The National Archives of Afghanistan (آرشیف ملی افغانستان; د افغانستان ملي ارشیف) are located in a historical building in the southern Shahr-e Naw neighborhood of Kabul, Afghanistan, near the Jamhuriat Hospital and Malalai High School. It contains thousands of important items, including antique furniture once used by Abdur Rahman Khan, the Emir of Afghanistan from 1880 to 1901.

== History ==
Items held in the National Archives are kept in a small palace built in 1892 in Kabul by Emir Abdur Rahman Khan. As the archives were established in 1973, renovations began on the building, which had fallen into disrepair. The restoration, which included interior decorations such as painted tin ceiling tiles and woodcarvings, was completed in 1978. However, the wide scope of violence taking place in Afghanistan prevented the archives from fully opening for years.
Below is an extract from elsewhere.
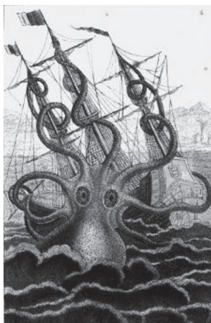
Pierre Denys de Montfort, El kraken.

Pero ya los monstruos marinos han quedado reducidos al reino de la literatura y lo fantástico. En una enciclopedia para niños publicada en España en la década de 1920, Tesoro de la juventud , se muestra, no sin un cierto desprecio, cómo “ hasta los niños pequeños se burlan y ríen al presente de estas historias ridículas que aterrorizaron un día las mentes de los hombres cultos y de los filósofos de la antigüedad... lo que mueve a risa y asombro es que escribiesen libros serios en los que se relataban terribles aventuras habidas con estos seres imaginarios ” 119 ...y, para ilustrar, se incluyen imágenes extraídas de los venerables grabados de Gessner y Aldrovandi. El mito, finalmente, ha acabado convirtiéndose en un mero relato infantil, aunque seguirá conservando una vertiente relacionada con el Otro absolutamente devastador, siendo ejemplo de ello el Moby Dick (1851) del novelista norteamericano Herman Melville (1819-1891)...o el celeberrimo Tiburón (1975) de Steven Spielberg.

In 1979, the archives were placed under the control of Afghanistan's Ministry of Information and Culture. In 2002, a new building serving as an extension of the National Archives was opened.

Resources in the Archives are not comprehensively cataloged, but many thousands of the documents are inventoried. Due to the numerous transfers of power in Afghanistan, the National Archive's administration fears the loss of certain books or manuscripts.

One of the oldest archival documents was written and sealed by Tamerlane in the 14th century. The most precious books, ancient Korans illuminated with gold letters, date back four to five centuries. One written by Mostafa Heravi is dated 1799 but most manuscript sources of Afghan history do not have a name or date.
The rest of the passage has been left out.